Subject: Re: new installation
To: <>
From: David Laight <david@l8s.co.uk>
List: netbsd-help
Date: 02/27/2002 21:38:22
On Wed, Feb 27, 2002 at 03:45:29PM -0500, Thomas Mueller wrote:
> I think FreeBSD and OpenBSD are similar to NetBSD in the way they access the
> hard disk with disklabel rather than primary and logical partitions.  So it
> can be tricky to access a secondary non-BSD hard disk which would naturally
> not have a BSD disklabel.  I don't think one would want to write a BSD
> disklabel on a non-BSD disk, it would likely interfere with something.

ISTR that the freeBSD disklabel describes slices relative to the
partition - so cannot acces all of the disk.

Indeed - you also have to have one of the primary partitions marked
as a netbsd one in order for the disklabel to be found.
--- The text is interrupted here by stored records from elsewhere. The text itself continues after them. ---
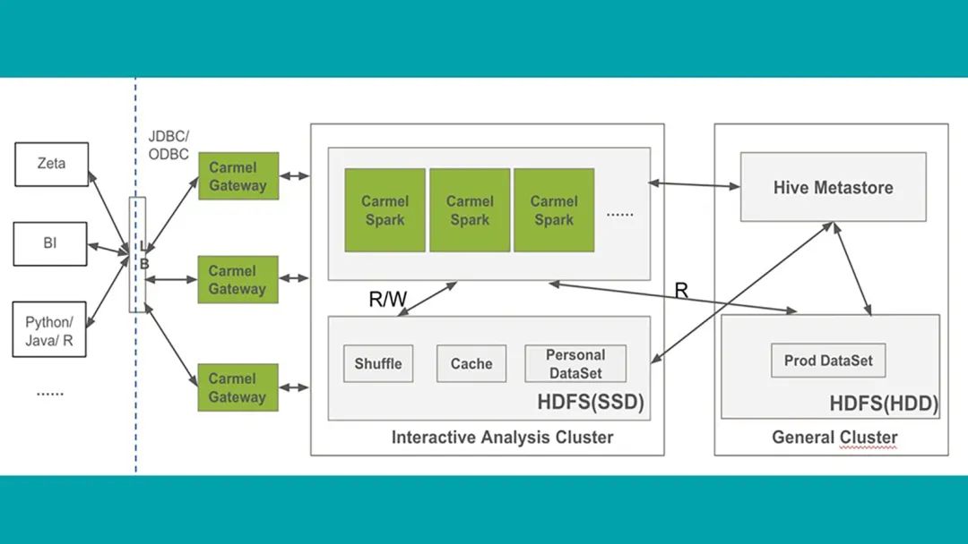 这个迁移过程中面临的一个挑战是设计一个能够反映之前平台的速度、稳定性和可扩展性的 SQL 执行引擎。定制的 Spark SQL 引擎有一个性能差距,尤其是 SQL 的大规模执行速度。举例来说,在旧工具上,有多个 Join 的查询可以在几秒内执行,而相同的查询在新的 SQL-on-Hadoop 引擎中可能要花费几分钟,尤其是在多个用户并发执行查询时。
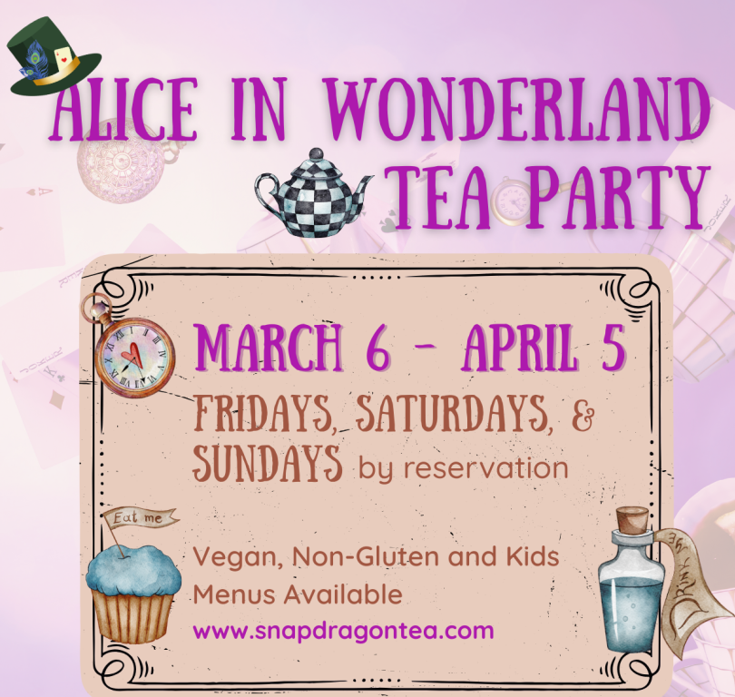 Alice in Wonderland Tea Party Presented By: Snapdragon Tea Dates: March 6, 2026 - April 5, 2026 Recurrence: Recurring weekly on Sunday, Friday, Saturday Location: Snapdragon Tea 115 Harvard Dr. S.E., Retail #7, Albuquerque, NM 87106 Email: info@snapdragontea.com Phone: (505) 750-2040 Time: 10:00 AM to 4:00 PM Price: $18.50 - $34.95 Get Tickets Visit Website Add to Trip Overview Don't be late, Don't be late, for a very important date! It's back! Our Alice in Wonderland Tea Party. Fun for the whole family, all ages welcome. We have kids tea, as well as vegan, vegetarian, and non-gluten options. Click the link below to view the menu and book your tea party today. Map
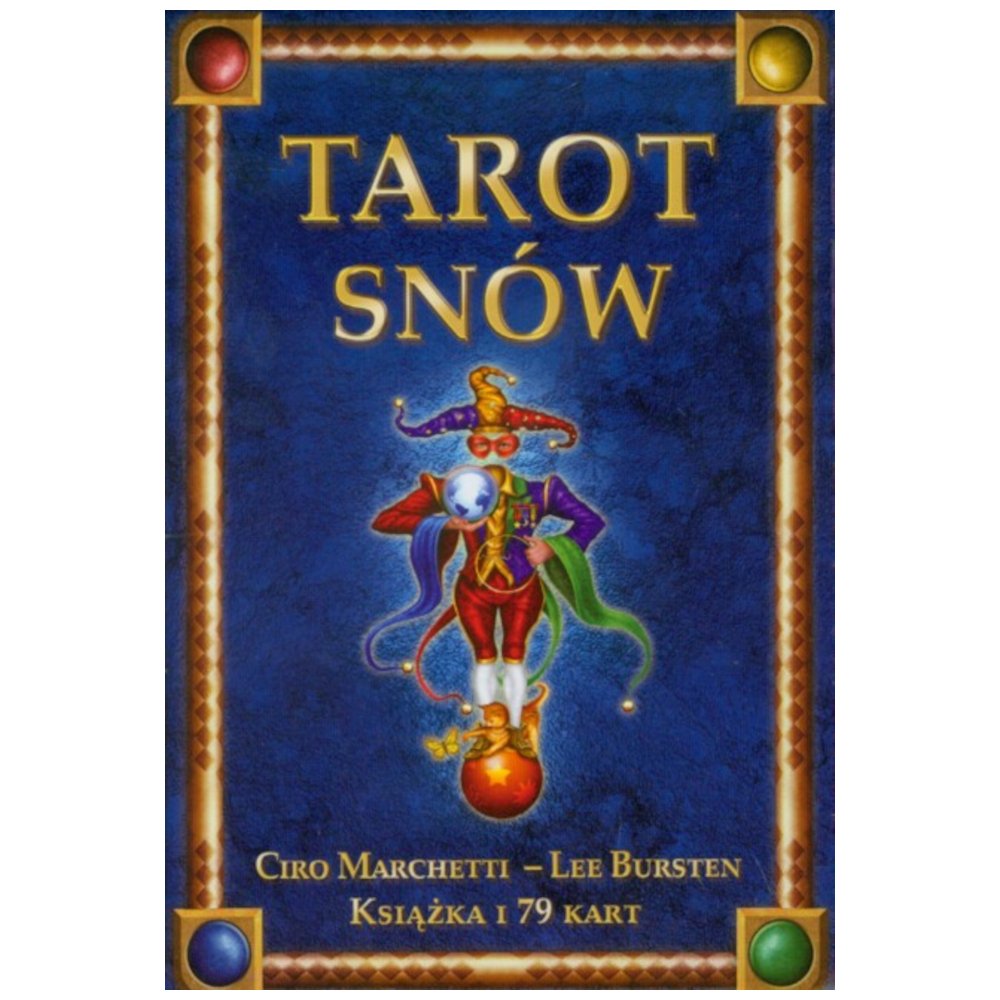 Witamy w świecie snów -Tarot, który masz przed sobą, jest niczym echo, wspomnienie snów zbiorowych z czasów, gdy znaczenie snów było o wiele większe niż dziś. Karty Tarota Snów przypominają nam o baśniach, mitach, legendach, fikcyjnych i historycznych postaciach, miejscach i przedmiotach, które pozostają w świadomości całej ludzkości. Zatem chcąc uzyskać świeże spojrzenie, musimy odwołać się do snów i do Tarota. Ze względu na swą uniwersalność, Tarot Snów jest idealny zarówno dla początkujących, jak i jego zaawansowanych miłośników. Oprócz poznania swojego wnętrza, dzięki Tarotowi można udzielać porad innym osobom, pomagając im w poznaniu samych siebie i manifestowaniu ich pragnień. Znaczenie poszczególnych kart zostało tu przedstawione w niezwykłej formie.
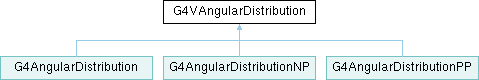 Inheritance diagram for G4VAngularDistribution:Public Member Functions | |
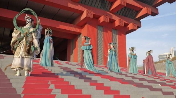 1月14日,舞剧《永乐未央》现身上海的城市空间,将剧中精华片段——“朝元图‘神仙登场’”带到了中华艺术宫、西岸梦中心与豫园,沉寂七百年的永乐宫壁画在都市中悠然苏醒。
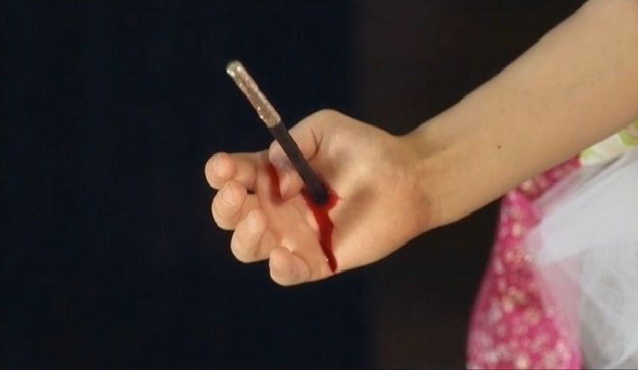 The film moves immediately to a 6-year-old Anastasia (Carla Besnaïnou) who strains at the restrictions of being a girl and even proclaims she is really a boy named Vladimir. Perhaps in a fitting punishment for rejecting her gender, she is stricken with the spindle prick while dressed in a ridiculous pink kimono over a short, lacey tutu as she prepares to dance en pointe among a flock of similarly garbed girls. She finds herself in an underground cavern filled with skeletons and ruled over by a boil-covered man who says he is a reflection of her rotting flesh. She wins her way out of the cavern by bowling down some bones and goes into the wider world.
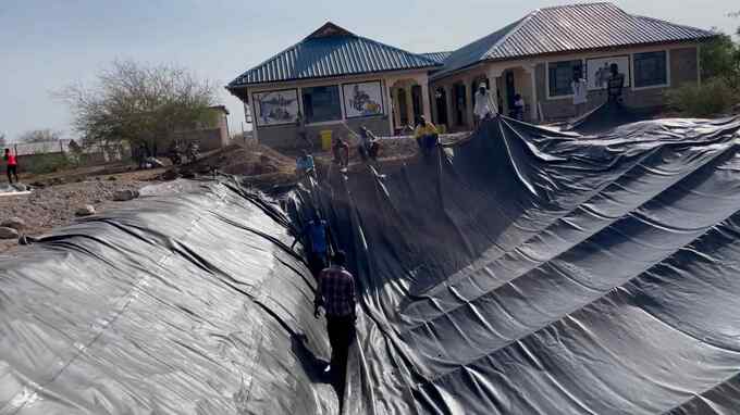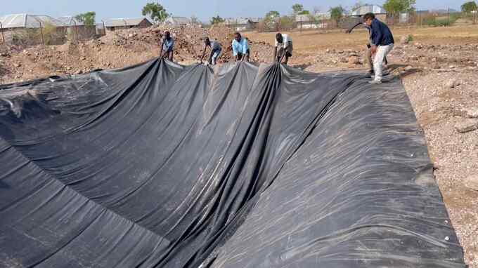 今回、現地のスタッフには福岡から持ってきたそうめんを振る舞いました。恐る恐る口にします。ナイロビから調達した遮水シートをみんなで運び、掘削したところへ張っていく作業です。

There is some odd code to generate wd0[efgh] from the main partitions
if a disklabel cannot be found - but I don't know whether it is
actually useful!
> 
> Possibly a Linux subpartition could be booted from a NetBSD boot prompt with
> something like boot wd0i:vmlinuz,

Only if your linux kernel is in an ffs filesystem, and if the linux kernel
doesn't expect any argument or environment from the loader, and is
loaded to the correct address.

The reverse also won't work.  The NetBSD kernel is passed some paramters
by the boot code.

The NetBSD bootselect code should be able to boot linux though.

> though I am not planning to experiment in
> that regard, and I don't know if Linux could recognize a BSD disklabel if the
> BSD slice didn't have an entry in the MBR.

If the BSD partition doesn't have an entry in the MBR, then it doesn't exist!
I also doubt that linux would know what to do about it anyway.